Characterization of a representative antibody against SARS CoV. (A) The VH and VL sequences of m390 are shown along with potential germline precursors. The six CDRs are depicted in bold face following the Kabat numbering scheme. Only mutated residues are shown for the germline sequences. (B) ELISA binding of Fab m390 to SARS CoV protein RBD and an irrelevant antigen HIV-1 gp120Bal showing the specificity of the binding.

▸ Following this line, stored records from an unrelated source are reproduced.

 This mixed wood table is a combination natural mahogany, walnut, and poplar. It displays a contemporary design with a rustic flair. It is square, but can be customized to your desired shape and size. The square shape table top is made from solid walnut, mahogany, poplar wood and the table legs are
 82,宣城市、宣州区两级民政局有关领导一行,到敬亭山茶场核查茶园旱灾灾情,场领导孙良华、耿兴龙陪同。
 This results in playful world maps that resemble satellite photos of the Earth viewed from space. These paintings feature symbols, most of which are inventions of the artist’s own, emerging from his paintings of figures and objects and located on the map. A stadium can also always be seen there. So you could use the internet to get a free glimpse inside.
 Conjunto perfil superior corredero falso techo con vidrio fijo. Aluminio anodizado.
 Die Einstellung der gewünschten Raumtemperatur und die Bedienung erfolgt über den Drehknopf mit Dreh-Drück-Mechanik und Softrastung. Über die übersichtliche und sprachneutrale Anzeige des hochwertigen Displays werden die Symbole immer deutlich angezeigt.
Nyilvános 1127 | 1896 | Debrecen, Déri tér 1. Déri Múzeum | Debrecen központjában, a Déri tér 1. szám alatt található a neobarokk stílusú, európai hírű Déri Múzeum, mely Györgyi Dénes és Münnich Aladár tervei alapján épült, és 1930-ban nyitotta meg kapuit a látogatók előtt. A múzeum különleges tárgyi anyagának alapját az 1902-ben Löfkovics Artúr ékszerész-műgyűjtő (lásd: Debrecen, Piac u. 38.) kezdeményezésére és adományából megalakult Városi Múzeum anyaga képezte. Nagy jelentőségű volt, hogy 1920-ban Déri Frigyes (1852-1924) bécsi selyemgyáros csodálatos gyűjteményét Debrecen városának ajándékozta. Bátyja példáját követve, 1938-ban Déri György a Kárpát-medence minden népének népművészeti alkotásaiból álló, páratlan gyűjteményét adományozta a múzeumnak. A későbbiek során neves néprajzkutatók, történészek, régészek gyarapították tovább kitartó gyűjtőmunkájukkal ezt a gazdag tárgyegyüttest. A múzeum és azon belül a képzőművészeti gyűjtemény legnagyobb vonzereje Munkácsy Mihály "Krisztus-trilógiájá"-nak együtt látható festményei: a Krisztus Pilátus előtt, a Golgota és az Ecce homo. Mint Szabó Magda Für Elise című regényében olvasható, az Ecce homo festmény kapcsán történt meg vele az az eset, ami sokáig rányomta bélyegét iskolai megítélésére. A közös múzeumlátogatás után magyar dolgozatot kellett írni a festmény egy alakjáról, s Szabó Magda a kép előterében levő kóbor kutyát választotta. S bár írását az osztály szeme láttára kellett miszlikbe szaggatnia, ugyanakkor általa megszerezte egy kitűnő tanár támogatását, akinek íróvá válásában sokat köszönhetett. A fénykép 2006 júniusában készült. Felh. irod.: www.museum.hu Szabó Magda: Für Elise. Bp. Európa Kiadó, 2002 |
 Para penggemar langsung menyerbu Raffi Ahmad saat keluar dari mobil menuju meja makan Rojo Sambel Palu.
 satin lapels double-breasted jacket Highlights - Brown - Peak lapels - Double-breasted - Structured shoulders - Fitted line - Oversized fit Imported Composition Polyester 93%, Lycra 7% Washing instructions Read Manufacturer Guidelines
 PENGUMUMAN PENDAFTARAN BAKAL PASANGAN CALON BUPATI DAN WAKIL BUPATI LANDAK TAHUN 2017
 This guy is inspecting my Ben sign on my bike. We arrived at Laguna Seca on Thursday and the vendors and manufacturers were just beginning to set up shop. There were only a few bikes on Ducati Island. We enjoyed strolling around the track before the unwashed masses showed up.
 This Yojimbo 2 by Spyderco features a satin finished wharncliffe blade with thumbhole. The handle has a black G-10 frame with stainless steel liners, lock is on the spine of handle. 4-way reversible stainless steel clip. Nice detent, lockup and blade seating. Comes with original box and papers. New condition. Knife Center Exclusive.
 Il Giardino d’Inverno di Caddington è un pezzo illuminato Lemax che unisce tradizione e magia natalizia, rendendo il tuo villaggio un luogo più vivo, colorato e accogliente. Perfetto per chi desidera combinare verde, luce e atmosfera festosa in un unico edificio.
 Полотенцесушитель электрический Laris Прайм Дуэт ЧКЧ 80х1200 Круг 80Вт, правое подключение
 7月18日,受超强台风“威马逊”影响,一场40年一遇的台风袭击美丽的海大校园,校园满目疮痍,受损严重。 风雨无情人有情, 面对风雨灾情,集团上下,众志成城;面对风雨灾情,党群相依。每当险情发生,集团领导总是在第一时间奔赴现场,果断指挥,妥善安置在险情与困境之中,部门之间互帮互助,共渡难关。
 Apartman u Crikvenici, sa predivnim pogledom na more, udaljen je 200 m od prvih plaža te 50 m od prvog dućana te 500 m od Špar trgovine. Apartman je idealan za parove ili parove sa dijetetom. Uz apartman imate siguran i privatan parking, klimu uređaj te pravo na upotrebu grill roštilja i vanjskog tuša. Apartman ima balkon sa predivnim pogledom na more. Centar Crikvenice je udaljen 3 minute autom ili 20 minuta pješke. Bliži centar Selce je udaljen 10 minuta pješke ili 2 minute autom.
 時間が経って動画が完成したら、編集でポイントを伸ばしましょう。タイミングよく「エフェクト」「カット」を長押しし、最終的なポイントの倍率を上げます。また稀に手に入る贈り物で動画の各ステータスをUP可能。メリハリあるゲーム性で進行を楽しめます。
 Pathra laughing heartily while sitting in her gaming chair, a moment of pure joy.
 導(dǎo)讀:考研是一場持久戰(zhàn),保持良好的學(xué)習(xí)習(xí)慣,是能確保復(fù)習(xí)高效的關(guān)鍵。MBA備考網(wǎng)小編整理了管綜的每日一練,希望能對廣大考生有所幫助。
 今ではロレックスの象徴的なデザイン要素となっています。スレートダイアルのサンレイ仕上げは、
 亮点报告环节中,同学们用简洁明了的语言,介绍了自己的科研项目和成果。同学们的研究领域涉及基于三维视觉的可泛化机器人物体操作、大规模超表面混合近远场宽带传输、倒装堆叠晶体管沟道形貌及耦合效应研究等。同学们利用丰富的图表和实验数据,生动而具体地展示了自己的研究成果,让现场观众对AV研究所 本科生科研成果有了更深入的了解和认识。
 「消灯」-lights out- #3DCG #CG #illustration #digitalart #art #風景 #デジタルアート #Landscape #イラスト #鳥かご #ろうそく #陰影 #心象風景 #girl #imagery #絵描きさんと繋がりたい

In summary, panning of a large phage-displayed minimally somatically-diversified antibody library derived from human cord blood against the HIV-1 Envs did not yield any significant binders. However, considerable specific enrichments were seen after panning against the SARS CoV RBD and Hendra virus sG, yielding an antibody against the RBD whose sequence is close to its parent germline. As we used the whole Envs in this study, one would expect the binding activity due to highly immunogenic epitopes such as the V3 loop which actually could bind and initiate immune response though it may be capable of diverting immune responses from the conserved epitopes. Therefore, the fact that there is no relatively high affinity binding of Envs might indicate that immune responses may not be so fast or in general are different than in the case of the other viruses. These results provide further evidence supporting and expanding the hypothesis that HIV-1 uses a strategy based on absent or weak binding of its conserved epitopes to germline antibodies for escaping neutralizing immune responses.